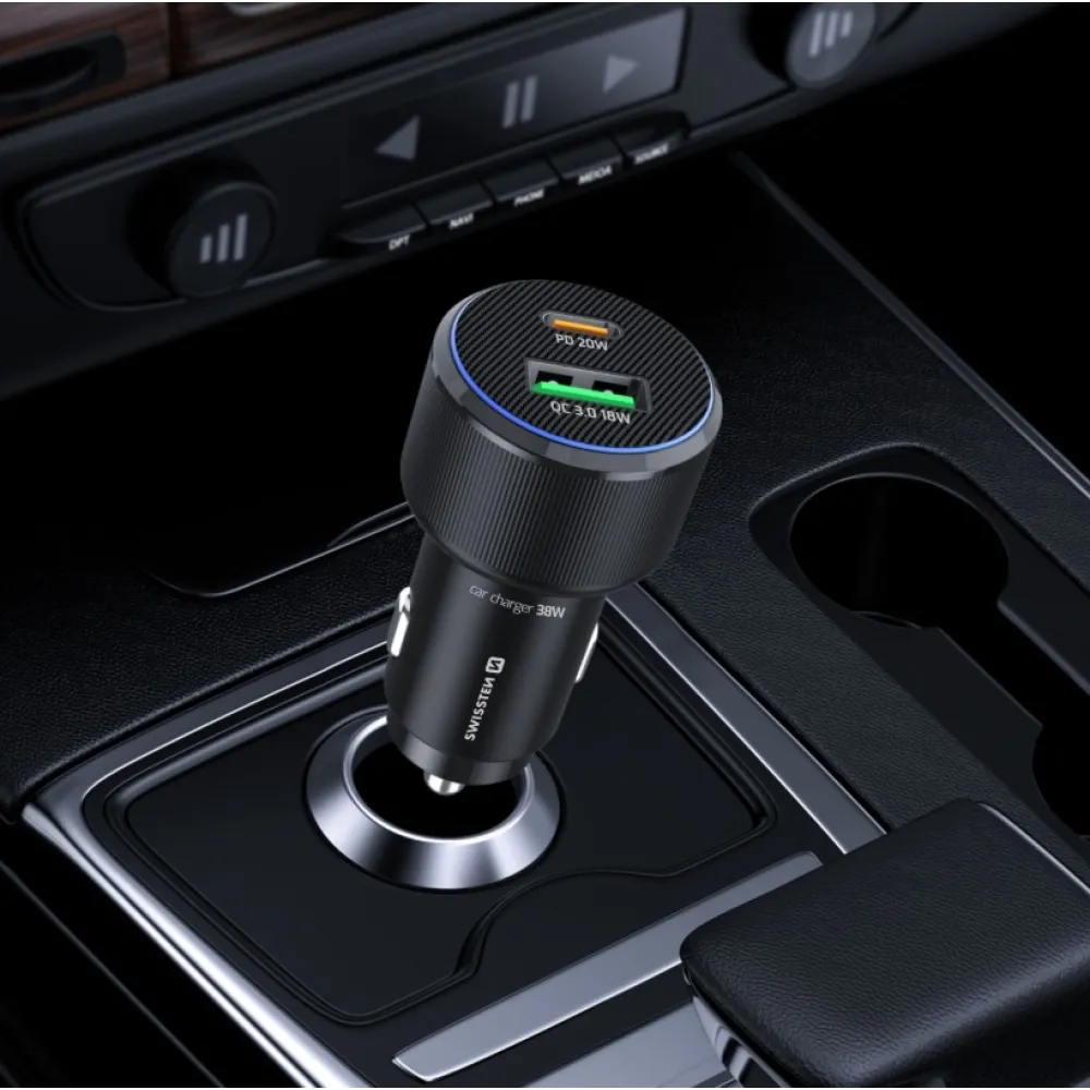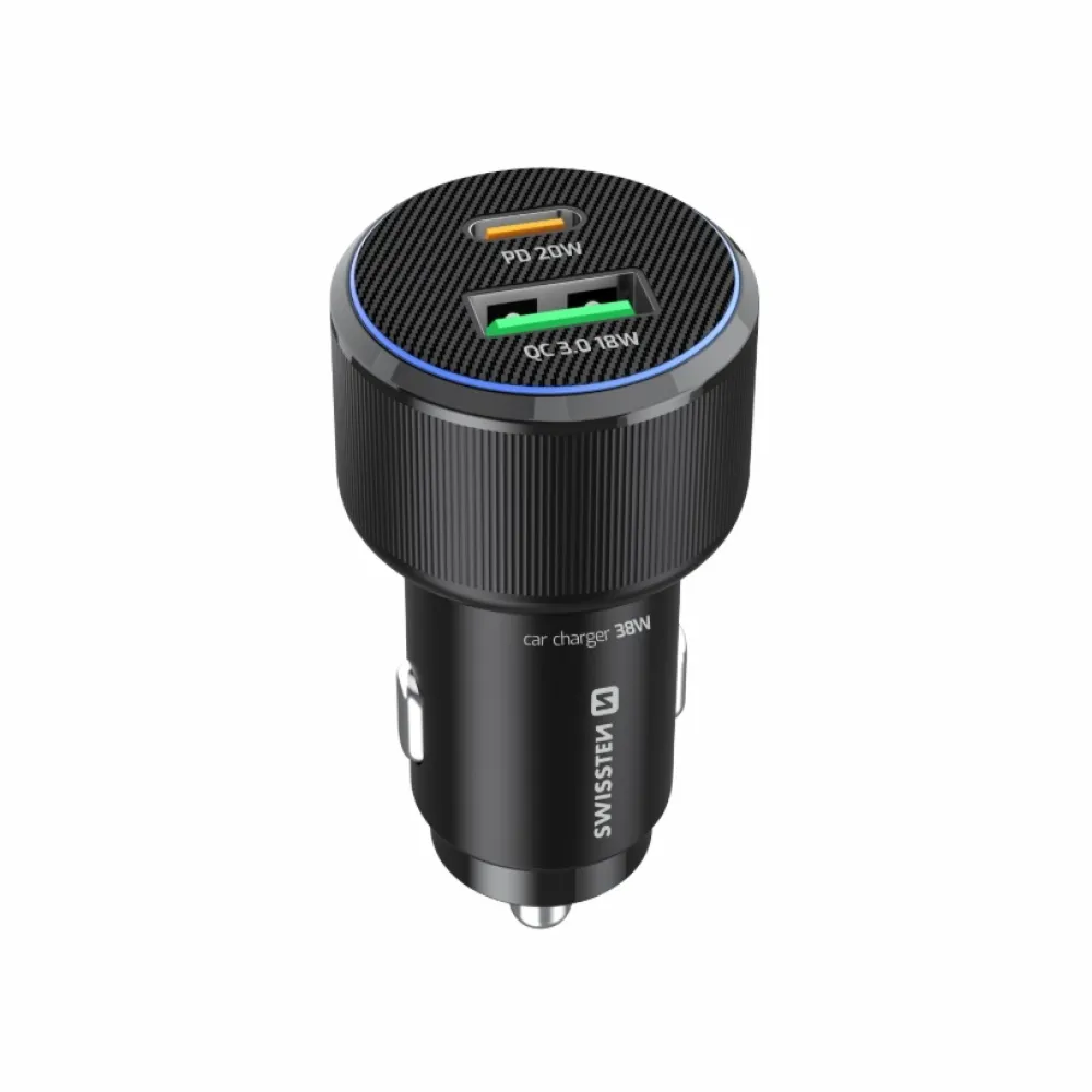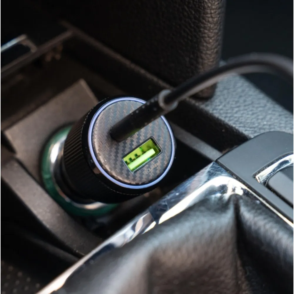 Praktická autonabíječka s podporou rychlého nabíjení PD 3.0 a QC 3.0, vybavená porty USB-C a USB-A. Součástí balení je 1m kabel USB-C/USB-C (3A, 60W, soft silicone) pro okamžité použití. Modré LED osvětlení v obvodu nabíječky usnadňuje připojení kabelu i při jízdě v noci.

---

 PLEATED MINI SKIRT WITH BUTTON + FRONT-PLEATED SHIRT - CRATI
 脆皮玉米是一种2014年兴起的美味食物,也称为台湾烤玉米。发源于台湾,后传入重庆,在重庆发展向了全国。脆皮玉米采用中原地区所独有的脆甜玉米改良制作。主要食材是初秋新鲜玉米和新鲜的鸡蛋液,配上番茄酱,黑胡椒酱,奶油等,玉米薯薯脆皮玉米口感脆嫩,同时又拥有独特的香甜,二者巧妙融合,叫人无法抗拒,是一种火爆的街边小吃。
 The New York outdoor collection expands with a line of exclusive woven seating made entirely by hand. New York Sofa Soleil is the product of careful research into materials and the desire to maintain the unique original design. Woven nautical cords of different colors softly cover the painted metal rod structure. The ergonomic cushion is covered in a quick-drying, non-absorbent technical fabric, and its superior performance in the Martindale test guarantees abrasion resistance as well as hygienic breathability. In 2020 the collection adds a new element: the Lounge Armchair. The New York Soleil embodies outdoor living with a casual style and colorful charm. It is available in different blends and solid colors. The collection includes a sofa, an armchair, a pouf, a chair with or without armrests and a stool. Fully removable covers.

# Your goal
From the line holding "脆皮玉米是一种2014年兴起" to the line holding "The New York outdoor", inclusive, restate each line above exactly as written.

# Worked solution
 脆皮玉米是一种2014年兴起的美味食物,也称为台湾烤玉米。发源于台湾,后传入重庆,在重庆发展向了全国。脆皮玉米采用中原地区所独有的脆甜玉米改良制作。主要食材是初秋新鲜玉米和新鲜的鸡蛋液,配上番茄酱,黑胡椒酱,奶油等,玉米薯薯脆皮玉米口感脆嫩,同时又拥有独特的香甜,二者巧妙融合,叫人无法抗拒,是一种火爆的街边小吃。
 The New York outdoor collection expands with a line of exclusive woven seating made entirely by hand. New York Sofa Soleil is the product of careful research into materials and the desire to maintain the unique original design. Woven nautical cords of different colors softly cover the painted metal rod structure. The ergonomic cushion is covered in a quick-drying, non-absorbent technical fabric, and its superior performance in the Martindale test guarantees abrasion resistance as well as hygienic breathability. In 2020 the collection adds a new element: the Lounge Armchair. The New York Soleil embodies outdoor living with a casual style and colorful charm. It is available in different blends and solid colors. The collection includes a sofa, an armchair, a pouf, a chair with or without armrests and a stool. Fully removable covers.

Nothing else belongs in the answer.